Closed Eji1700 closed 4 years ago
Yes you need auth tokens/cookies for you to access the site, thats why it works in a browser but not the type provider.
For save as you want to save the Html of a page? This should work, https://stackoverflow.com/questions/40882331/save-generated-html-using-canopy
Hmm close but seems to have slightly different behavior as it's including all the html tags instead of just giving me the xml. as say, view source would.
Still it hadn't clicked that I could just be running js. I'll see if i can figure out from there.
Actually looking closer it's giving me both the xml version of the page, and the html version right below it, so maybe i can work with this.
Solved.
".pretty-print" |> element |> read gets you the xml, and then you can do what you want with it. In this case i'm shoving it into my pre defined type provided type and manipulating from there.
Use case: I'm logging into one website, then logging into 5+ sub websites, then running reports on each to get xml files.
The reports are "run" by url manipulation, so often it's something like
"url.com/reports/thing.xml?params"
The first problem i'm hitting is that the non automated workflow has you getting the xml report by using right click, save as, and then just saving the page as an xml file. I've got a ruby script that replicates this with mechanize (which has a save as function), but I haven't found any way to do this with Canopy. There was an issue similar to this with pdfs, but in that case there was a button for them to click on to trigger the save.

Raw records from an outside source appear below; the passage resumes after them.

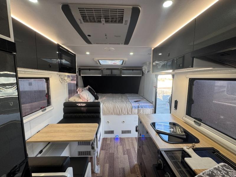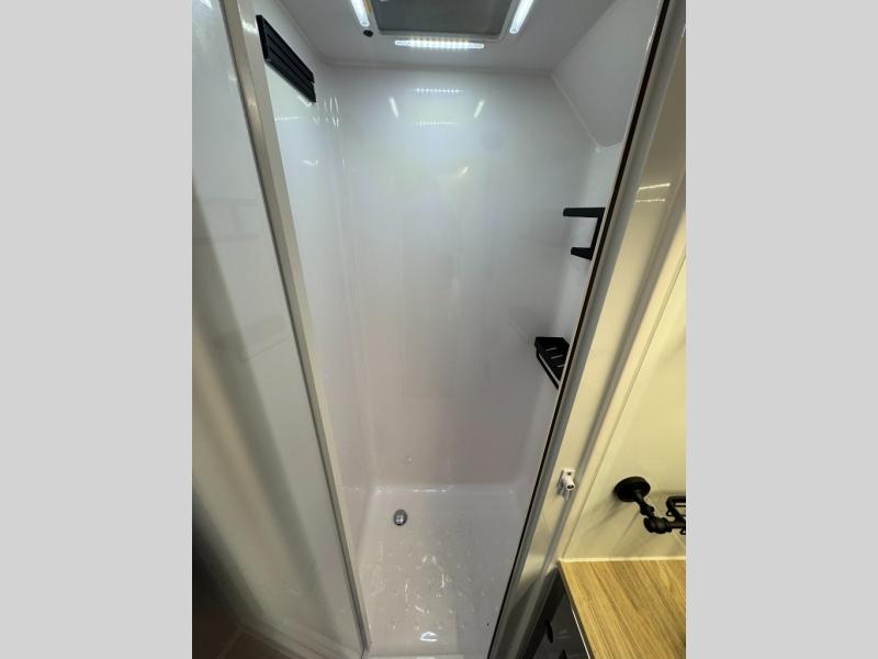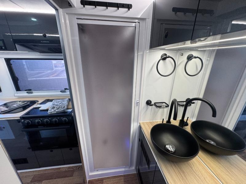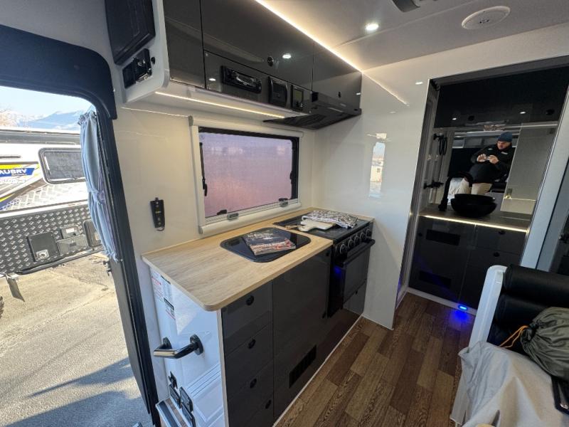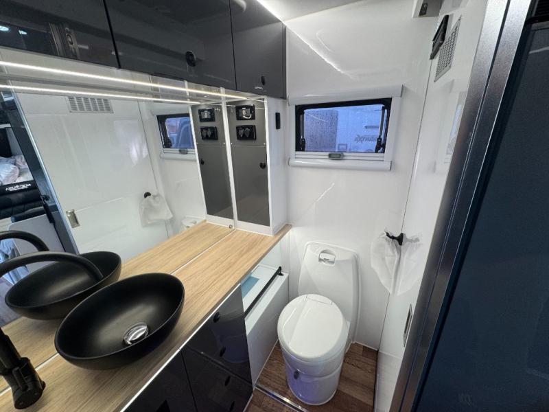 This Off-Grid Extreme lets you go off the beaten path for longer periods of time thanks to the Renogy energy system and the impressive solar power system! You will love that you can choose to cook inside or out with a full internal kitchen that features a three-burner cooktop and sink, plus refrigerator and plenty of storage. You will also appreciate having the choice on a nice day to cook outside using the kitchen slide featuring a stainless steel three-burner cooktop and sink, and pull-out drawers for your silverware and other necessities all located under the electric power awning for added protection. The awning can also be converted into an enclosed annex with the awning wall and floor kit which is great for when the weather isn't cooperating. This unit also features a dry bath with glass vessel bowl sink, toilet and shower, plus lots of storage for towels and bath necessities as well.
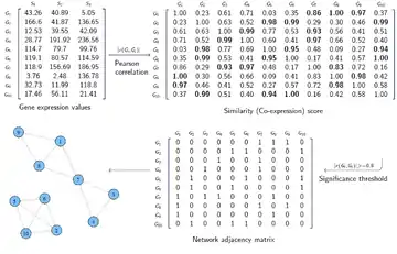 Les données d'entrée pour la construction d'un réseau de co-expression de gènes sont souvent représentées par une matrice. Si nous avons les valeurs d'expression génique de m gènes pour n échantillons (conditions), les données d'entrée seraient une matrice m × n, appelée matrice d'expression. Par exemple, dans une expérience de microréseau, les valeurs d'expression de milliers de gènes sont mesurées pour plusieurs échantillons. Dans la première étape, un score de similarité (mesure de co-expression) est calculé pour chaque paire de lignes dans la matrice d'expression. La matrice résultante serait une matrice m × m, appelée matrice de similarité. Chaque élément de cette matrice montre à quel point le niveau d'expression de deux gènes est similaire. Dans la deuxième étape, les éléments de la matrice de similarité qui dépassent un certain seuil (c.-à-d. des co-expressions significatives) sont remplacés par 1 et les éléments restants sont remplacés par 0. La matrice résultante, appelée matrice adjacente, représente le graphe du réseau. Dans cette matrice, chaque élément montre si deux gènes sont connectés dans le réseau (les éléments 1) ou non (les éléments 0).
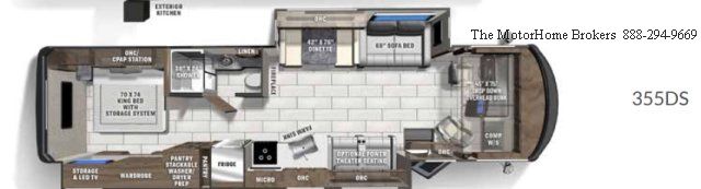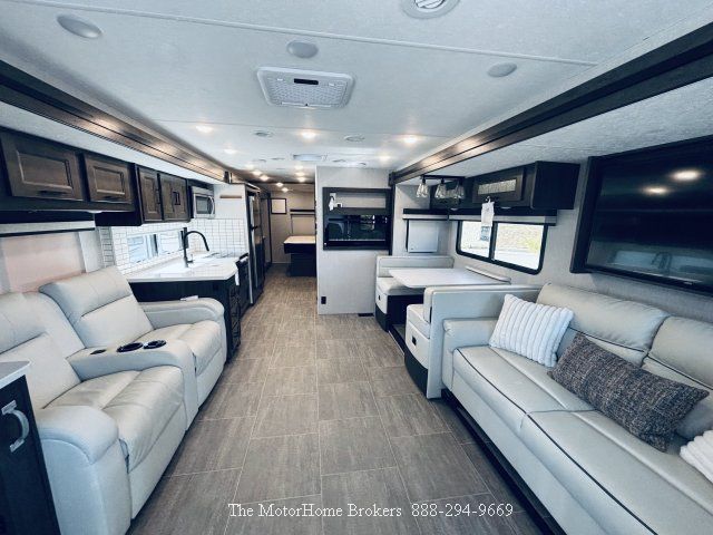 Model 355DS with a full-wall slide-out on the passenger side and an addition slide-out in the living and galley that creates a huge living space for this 36 foot coach. Built on a Ford F53 Chassis with the new powerful Ford V-8, 7.3L engine rated @350 HP, Torqshift 6 speed auto transmission, 7,453 low miles, auto leveling, 5.5 KW generator, 1200 watt inverter, 50 amp service, frame-less tinted windows, fiberglass roof, power patio awning, slide topper awnings, new upgraded super quiet A/C units, rear ladder, 8,000 lb. hitch, exterior 40 inch LED TV and generous basement storage.
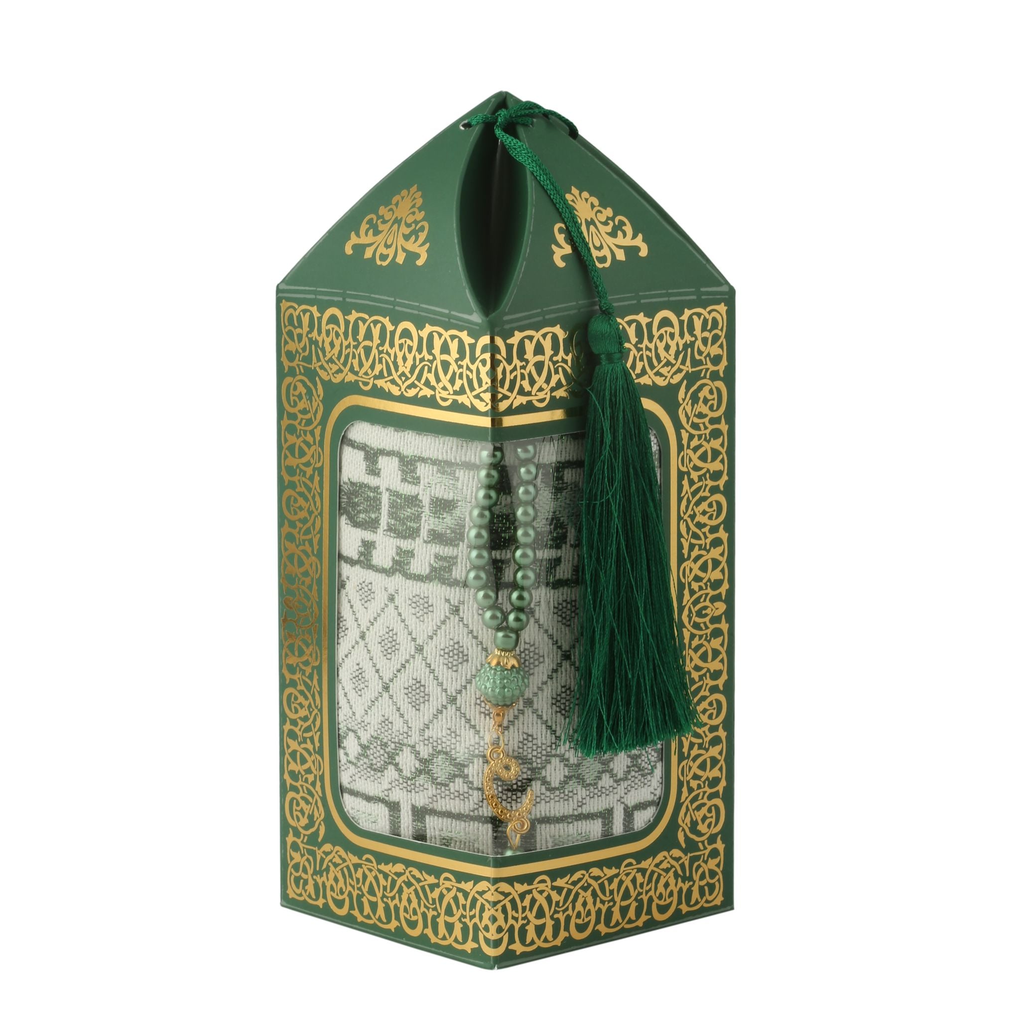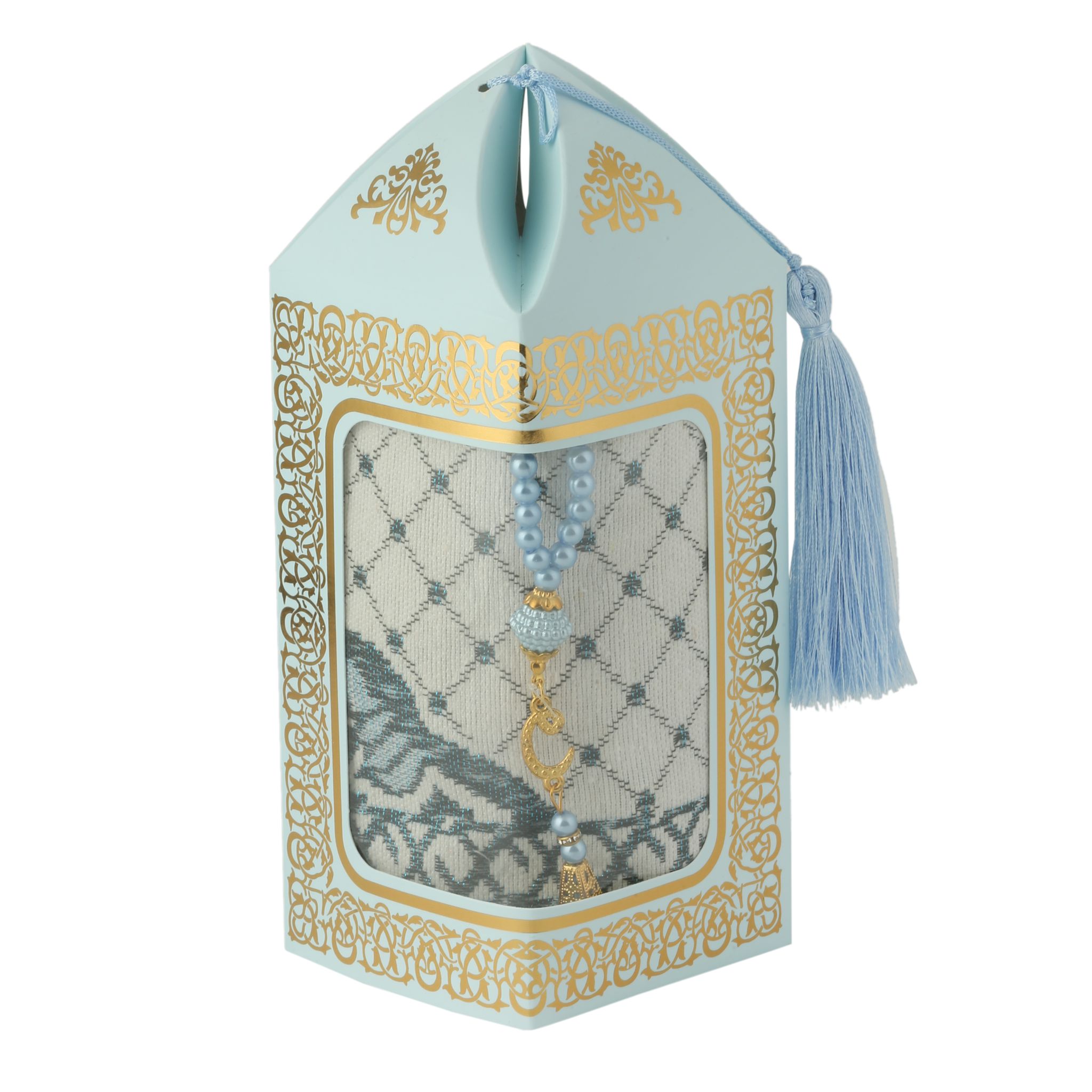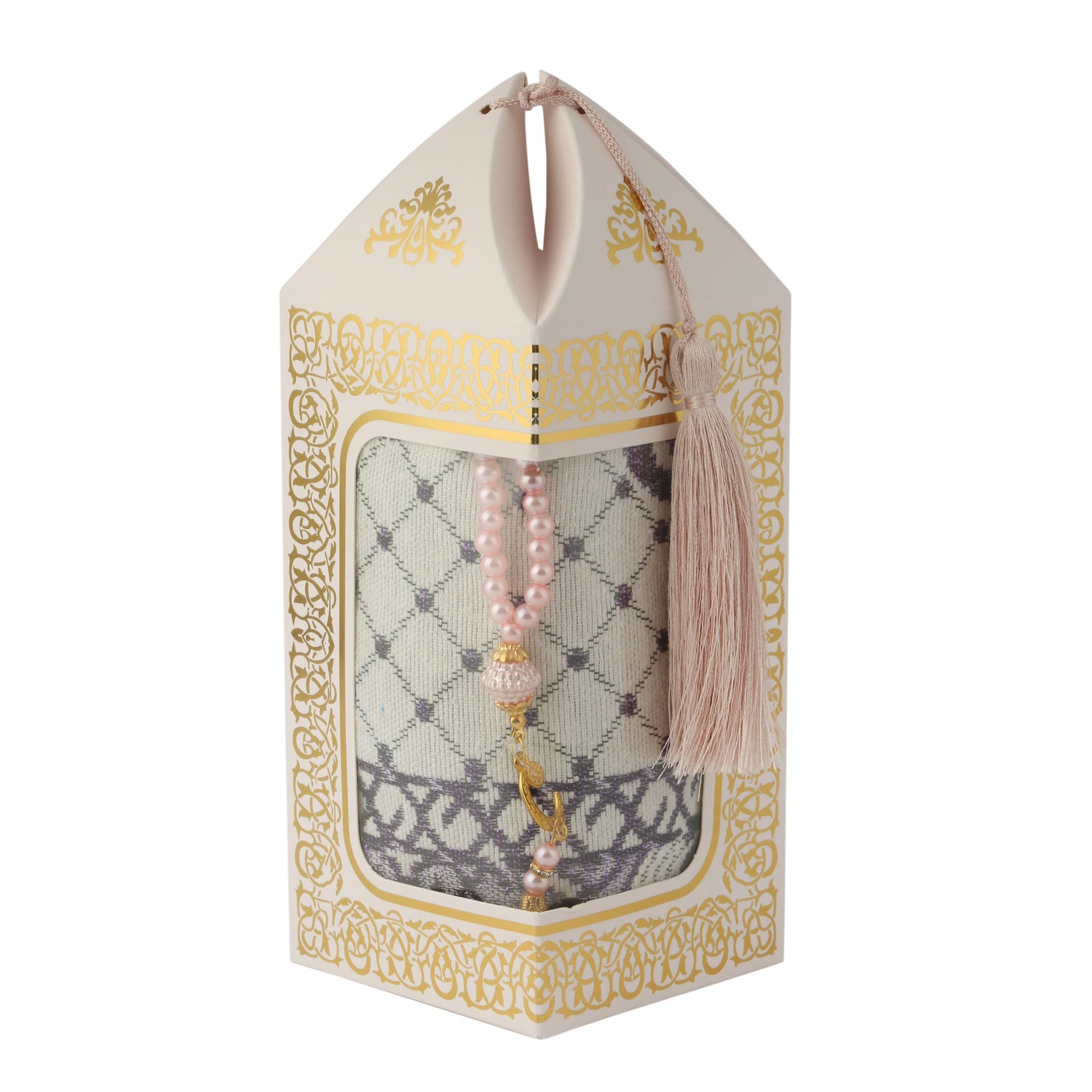 - Kraft kutu içerisinde 99'luk 6 mm Vavlı İnci Tesbih ve 70x110 210 Gr. Simli Brokar Seccade ile beraber sunulur.
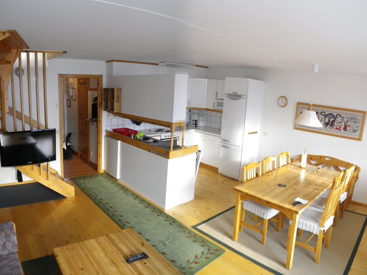Mitt i FUNÄSDALEN med utsikt över sjön, fjällen och ängar runt omkring. Fräsch lägenhet på 2:a vån med egen ingång och stor balkong i väster med sol hela dagen. Arbetsplats med höj- och sänkbart skrivbord och inkopplat fiber. Lakan och handdukar ingår. Sängen är bäddad när ni kommer. Handdukar och disktrasor i lin från Växbolin för miljön! Nära till bycentrum och Funäsdalsberget. Bastu, diskmaskin, tvättmaskin samt parkering med motorvärmare och laddbox. TV finns med Cromecast.
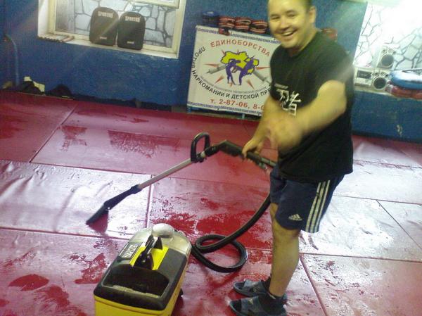 Ко мне в блогах обратилась Анжелика, которая оказалась хозяйкой бизнеса по оказанию услуг населению. Эти уважаемые люди чистят ковры, мебель и вообще всё что Вам угодно. В общем, Анжелика предложила своё оборудование и химические реактивы, для того, чтобы я провёл чистку татами в одной из секций, где тренируются дети.
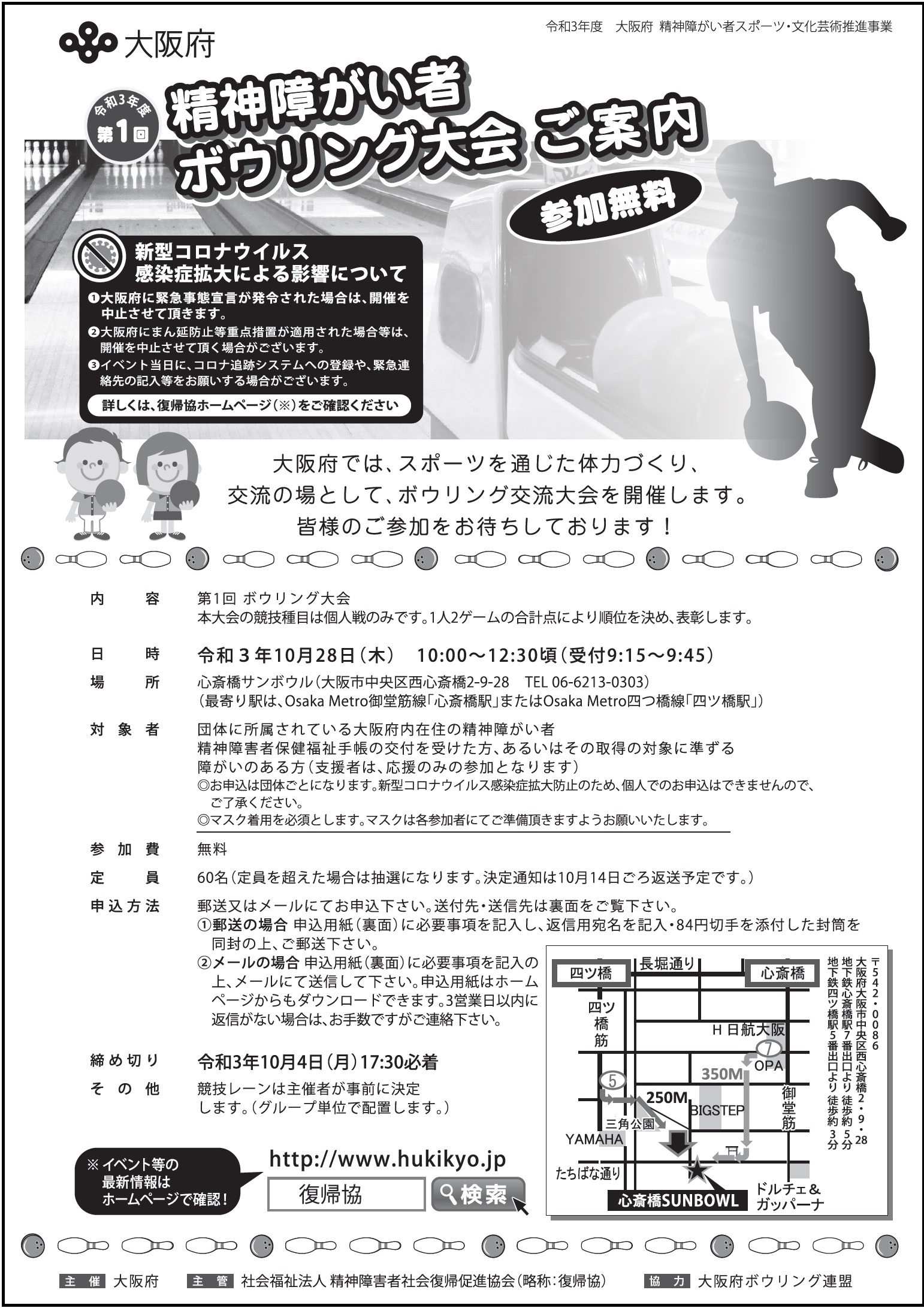 | 主催等 | 主催:大阪府 主管:社会福祉法人精神障害者社会復帰促進協会 協力:大阪府ボウリング連盟 |

The second is that i'm only saving these files so that I can loop through them with an xml type provider and shove values from them in a database. I'd love to be able to just pass the url to the type provider (which already has a sample file saved on disk to reference) and go from there, but i don't know of any way to pass my logged in instance of the url. Naturally if i just put the url in, it sees the "you need to log in" page and fails.